** Records to use follows **

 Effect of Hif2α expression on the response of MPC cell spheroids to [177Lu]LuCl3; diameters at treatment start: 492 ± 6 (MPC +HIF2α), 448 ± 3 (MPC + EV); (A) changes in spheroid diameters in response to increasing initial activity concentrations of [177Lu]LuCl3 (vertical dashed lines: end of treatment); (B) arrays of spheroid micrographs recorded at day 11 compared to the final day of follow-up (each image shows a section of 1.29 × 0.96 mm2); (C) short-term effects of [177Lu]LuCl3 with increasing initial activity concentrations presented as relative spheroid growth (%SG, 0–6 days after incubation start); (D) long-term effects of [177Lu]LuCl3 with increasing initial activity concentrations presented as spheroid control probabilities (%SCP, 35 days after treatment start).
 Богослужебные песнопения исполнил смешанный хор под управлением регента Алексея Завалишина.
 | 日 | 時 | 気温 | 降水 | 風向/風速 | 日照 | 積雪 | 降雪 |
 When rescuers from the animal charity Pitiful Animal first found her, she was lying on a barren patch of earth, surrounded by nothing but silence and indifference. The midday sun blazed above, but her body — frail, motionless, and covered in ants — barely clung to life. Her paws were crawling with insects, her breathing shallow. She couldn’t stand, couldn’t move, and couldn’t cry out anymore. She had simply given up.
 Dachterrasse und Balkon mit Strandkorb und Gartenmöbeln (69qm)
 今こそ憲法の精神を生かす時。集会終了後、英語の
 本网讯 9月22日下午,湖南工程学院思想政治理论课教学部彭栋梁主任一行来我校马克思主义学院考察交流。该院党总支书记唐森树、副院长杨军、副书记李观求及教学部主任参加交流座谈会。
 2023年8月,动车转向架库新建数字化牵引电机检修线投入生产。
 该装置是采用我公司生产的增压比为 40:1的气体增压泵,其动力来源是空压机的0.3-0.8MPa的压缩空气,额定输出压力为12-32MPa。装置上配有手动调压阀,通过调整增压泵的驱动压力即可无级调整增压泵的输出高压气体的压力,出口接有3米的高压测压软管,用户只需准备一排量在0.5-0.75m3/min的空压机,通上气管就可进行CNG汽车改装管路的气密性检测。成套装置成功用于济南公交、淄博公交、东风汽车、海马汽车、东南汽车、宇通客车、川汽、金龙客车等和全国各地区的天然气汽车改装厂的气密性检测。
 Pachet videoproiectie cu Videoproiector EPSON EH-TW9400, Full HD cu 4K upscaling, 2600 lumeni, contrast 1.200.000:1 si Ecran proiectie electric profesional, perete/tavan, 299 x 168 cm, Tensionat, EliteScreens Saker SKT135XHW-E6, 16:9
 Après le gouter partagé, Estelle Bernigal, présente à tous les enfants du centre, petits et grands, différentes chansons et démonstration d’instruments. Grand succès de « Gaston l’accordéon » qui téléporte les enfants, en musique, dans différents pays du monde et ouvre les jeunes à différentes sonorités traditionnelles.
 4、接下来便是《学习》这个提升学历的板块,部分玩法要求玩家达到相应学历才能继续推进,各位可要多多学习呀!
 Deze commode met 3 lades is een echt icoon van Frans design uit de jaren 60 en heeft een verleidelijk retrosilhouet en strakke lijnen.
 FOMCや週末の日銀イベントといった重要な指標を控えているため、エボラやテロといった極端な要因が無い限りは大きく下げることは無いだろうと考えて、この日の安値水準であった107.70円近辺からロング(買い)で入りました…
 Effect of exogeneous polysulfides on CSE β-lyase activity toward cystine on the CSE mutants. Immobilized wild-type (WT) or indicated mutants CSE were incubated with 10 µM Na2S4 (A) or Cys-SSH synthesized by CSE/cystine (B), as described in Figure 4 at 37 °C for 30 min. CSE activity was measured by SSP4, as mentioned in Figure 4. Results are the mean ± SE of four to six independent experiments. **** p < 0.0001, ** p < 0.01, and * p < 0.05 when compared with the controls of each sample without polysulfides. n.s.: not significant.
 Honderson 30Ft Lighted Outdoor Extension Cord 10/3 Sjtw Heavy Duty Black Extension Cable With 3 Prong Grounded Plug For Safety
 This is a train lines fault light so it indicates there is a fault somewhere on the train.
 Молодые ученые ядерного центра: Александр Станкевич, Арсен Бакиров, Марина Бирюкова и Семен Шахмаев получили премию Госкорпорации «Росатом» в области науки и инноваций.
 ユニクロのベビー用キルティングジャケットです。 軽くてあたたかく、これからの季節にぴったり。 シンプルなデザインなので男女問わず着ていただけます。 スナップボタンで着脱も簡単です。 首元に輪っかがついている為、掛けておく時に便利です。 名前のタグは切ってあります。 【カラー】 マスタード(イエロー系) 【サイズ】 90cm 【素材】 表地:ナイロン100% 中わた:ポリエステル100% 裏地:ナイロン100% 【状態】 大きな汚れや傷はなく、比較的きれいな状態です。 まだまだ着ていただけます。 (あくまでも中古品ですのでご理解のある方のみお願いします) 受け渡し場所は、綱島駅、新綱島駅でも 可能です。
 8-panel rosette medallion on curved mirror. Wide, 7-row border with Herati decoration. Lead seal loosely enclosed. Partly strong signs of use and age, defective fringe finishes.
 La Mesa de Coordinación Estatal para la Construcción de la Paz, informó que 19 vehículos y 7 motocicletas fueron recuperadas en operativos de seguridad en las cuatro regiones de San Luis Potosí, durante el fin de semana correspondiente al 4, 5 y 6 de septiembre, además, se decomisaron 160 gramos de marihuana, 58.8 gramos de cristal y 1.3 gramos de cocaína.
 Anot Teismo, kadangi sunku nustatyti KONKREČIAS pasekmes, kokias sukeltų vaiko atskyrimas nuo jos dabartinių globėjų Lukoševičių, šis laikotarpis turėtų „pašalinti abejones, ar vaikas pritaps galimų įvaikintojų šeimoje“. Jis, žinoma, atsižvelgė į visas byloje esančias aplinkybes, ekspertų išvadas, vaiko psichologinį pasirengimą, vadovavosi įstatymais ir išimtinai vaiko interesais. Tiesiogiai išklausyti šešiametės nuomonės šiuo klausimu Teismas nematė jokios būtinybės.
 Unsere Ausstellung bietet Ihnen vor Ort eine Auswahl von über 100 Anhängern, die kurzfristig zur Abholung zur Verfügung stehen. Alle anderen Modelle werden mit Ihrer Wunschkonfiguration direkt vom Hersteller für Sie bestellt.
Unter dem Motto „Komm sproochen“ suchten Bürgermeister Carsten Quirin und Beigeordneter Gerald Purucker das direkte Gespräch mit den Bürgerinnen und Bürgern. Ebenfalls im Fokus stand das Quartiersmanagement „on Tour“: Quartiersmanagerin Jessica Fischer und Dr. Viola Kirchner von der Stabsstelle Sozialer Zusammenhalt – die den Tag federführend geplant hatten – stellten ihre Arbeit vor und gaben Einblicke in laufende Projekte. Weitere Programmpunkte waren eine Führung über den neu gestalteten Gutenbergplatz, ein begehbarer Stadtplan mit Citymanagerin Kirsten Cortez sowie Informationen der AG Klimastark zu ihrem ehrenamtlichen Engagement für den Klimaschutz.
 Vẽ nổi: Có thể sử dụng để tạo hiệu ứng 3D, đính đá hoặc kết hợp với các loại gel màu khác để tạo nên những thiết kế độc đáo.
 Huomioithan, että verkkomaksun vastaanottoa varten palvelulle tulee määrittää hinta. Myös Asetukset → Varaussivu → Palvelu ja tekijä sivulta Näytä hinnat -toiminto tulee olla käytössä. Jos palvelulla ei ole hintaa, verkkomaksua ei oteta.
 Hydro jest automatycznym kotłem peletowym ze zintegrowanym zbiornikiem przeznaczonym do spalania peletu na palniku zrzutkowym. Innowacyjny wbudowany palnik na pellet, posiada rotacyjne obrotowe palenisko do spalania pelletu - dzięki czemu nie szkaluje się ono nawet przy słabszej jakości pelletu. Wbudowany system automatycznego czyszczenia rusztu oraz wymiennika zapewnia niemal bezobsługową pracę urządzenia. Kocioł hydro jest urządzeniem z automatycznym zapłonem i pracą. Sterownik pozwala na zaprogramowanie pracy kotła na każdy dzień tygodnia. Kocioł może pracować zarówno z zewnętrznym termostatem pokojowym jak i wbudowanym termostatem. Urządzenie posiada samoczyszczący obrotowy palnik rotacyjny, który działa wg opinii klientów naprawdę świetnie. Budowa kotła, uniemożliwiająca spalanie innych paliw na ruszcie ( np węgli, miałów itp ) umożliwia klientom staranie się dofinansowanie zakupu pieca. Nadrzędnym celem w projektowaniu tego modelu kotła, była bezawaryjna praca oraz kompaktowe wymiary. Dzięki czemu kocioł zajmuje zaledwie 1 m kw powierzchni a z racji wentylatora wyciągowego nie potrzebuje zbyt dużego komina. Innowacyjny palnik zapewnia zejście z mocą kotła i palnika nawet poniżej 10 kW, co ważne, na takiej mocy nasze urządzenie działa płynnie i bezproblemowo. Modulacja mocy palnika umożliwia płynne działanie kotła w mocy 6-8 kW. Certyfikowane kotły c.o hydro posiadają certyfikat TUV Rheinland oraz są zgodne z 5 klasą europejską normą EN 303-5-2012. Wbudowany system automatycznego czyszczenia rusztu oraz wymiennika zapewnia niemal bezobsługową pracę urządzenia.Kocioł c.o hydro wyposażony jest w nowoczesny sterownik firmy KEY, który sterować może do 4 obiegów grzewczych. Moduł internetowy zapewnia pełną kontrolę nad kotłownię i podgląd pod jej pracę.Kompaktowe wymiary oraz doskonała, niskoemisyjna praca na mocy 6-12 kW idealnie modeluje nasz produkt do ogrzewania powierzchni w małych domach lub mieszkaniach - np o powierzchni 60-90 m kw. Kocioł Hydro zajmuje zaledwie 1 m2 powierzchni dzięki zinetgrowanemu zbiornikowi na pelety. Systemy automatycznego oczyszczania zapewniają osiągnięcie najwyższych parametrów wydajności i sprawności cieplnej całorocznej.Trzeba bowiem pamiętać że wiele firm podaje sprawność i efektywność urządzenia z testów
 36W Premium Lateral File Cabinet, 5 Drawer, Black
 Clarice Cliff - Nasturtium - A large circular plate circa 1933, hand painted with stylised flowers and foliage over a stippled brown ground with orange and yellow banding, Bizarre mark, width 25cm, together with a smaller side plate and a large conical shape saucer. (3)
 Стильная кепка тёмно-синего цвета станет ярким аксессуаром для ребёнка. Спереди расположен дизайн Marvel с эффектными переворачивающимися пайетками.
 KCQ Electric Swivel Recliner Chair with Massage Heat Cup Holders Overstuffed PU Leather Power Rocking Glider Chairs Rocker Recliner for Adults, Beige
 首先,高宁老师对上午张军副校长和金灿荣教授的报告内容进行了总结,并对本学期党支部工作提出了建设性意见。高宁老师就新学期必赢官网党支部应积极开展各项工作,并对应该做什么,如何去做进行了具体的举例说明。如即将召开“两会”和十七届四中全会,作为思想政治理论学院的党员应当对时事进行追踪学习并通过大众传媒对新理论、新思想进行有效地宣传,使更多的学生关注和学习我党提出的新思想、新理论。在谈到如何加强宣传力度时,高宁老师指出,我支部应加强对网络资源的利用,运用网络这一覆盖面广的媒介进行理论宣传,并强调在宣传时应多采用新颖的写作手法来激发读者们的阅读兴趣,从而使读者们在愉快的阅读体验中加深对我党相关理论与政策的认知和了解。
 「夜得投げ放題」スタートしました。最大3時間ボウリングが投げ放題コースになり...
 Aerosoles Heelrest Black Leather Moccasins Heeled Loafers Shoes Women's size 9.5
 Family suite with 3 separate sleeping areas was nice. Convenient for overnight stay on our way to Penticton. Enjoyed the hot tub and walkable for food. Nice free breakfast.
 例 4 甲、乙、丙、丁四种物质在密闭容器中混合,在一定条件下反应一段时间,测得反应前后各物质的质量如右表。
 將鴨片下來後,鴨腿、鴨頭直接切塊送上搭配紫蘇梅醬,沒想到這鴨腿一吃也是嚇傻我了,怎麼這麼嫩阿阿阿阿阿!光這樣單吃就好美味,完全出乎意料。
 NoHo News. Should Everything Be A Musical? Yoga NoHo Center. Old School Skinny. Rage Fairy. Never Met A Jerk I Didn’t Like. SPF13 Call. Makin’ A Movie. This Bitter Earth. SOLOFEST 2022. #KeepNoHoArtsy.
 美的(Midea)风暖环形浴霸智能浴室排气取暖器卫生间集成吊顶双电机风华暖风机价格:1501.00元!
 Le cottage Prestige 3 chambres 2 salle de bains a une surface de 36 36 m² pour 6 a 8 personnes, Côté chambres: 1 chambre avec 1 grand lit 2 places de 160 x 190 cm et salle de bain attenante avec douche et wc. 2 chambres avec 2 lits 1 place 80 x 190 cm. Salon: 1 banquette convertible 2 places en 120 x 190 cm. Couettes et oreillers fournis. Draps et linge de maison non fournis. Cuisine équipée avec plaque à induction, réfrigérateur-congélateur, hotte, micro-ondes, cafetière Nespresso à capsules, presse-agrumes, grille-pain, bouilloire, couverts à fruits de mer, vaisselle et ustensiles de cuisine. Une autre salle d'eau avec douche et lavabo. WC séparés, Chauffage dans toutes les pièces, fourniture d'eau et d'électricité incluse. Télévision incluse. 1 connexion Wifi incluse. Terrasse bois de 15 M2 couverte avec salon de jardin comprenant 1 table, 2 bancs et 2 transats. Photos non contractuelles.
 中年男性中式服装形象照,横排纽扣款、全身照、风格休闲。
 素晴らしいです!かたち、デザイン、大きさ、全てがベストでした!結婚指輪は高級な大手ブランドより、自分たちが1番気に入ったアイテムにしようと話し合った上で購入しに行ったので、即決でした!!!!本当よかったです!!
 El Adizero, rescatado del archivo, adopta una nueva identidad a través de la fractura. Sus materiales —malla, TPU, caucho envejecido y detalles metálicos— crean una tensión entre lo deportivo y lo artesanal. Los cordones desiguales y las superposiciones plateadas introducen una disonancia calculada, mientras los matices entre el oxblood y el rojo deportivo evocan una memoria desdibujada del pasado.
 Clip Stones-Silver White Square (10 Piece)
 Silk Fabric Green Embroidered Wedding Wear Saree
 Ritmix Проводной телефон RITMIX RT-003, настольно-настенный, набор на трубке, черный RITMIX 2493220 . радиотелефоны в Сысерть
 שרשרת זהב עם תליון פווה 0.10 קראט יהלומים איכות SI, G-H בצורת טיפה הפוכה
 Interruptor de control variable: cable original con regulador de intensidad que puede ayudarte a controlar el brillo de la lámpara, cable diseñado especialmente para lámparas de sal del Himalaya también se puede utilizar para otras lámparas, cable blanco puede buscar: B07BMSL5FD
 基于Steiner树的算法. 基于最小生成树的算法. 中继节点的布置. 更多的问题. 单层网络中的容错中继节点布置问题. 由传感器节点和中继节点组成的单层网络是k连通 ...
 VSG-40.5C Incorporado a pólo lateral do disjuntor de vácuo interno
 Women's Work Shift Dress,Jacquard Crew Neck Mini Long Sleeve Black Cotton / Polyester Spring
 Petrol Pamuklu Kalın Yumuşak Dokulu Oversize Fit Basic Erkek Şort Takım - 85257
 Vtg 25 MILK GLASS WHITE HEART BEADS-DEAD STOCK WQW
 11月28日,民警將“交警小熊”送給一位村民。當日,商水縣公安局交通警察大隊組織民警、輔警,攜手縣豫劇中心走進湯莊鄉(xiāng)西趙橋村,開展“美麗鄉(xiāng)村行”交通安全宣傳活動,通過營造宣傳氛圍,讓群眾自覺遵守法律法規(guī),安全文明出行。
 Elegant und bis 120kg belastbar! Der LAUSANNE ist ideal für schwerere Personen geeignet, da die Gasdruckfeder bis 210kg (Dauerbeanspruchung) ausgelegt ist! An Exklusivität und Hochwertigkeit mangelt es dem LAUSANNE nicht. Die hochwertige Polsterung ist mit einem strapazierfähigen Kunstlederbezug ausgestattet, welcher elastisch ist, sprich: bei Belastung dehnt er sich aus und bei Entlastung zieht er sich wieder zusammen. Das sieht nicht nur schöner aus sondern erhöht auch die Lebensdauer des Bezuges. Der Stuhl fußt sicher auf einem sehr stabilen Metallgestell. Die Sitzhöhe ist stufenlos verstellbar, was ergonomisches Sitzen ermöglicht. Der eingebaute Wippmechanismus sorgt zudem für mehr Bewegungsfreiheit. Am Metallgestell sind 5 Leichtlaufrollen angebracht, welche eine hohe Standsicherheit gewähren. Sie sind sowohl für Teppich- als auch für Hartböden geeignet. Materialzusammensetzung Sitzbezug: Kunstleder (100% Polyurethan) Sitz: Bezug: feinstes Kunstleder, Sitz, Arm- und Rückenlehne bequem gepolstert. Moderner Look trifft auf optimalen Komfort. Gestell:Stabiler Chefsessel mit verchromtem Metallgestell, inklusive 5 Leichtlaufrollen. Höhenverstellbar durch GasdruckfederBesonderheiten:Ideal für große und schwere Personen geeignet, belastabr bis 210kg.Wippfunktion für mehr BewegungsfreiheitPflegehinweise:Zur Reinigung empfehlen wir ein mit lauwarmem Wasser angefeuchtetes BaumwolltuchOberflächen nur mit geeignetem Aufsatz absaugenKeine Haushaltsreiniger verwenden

** End of Records to use **

__Goal of the exercise__. From the line containing "4、接下来便是《学习》这个提" down to the line containing "Honderson 30Ft Lighted" in the material above, reproduce every line exactly, including the two end lines.

__Answer to this task__.
 4、接下来便是《学习》这个提升学历的板块,部分玩法要求玩家达到相应学历才能继续推进,各位可要多多学习呀!
 Deze commode met 3 lades is een echt icoon van Frans design uit de jaren 60 en heeft een verleidelijk retrosilhouet en strakke lijnen.
 FOMCや週末の日銀イベントといった重要な指標を控えているため、エボラやテロといった極端な要因が無い限りは大きく下げることは無いだろうと考えて、この日の安値水準であった107.70円近辺からロング(買い)で入りました…
 Effect of exogeneous polysulfides on CSE β-lyase activity toward cystine on the CSE mutants. Immobilized wild-type (WT) or indicated mutants CSE were incubated with 10 µM Na2S4 (A) or Cys-SSH synthesized by CSE/cystine (B), as described in Figure 4 at 37 °C for 30 min. CSE activity was measured by SSP4, as mentioned in Figure 4. Results are the mean ± SE of four to six independent experiments. **** p < 0.0001, ** p < 0.01, and * p < 0.05 when compared with the controls of each sample without polysulfides. n.s.: not significant.
 Honderson 30Ft Lighted Outdoor Extension Cord 10/3 Sjtw Heavy Duty Black Extension Cable With 3 Prong Grounded Plug For Safety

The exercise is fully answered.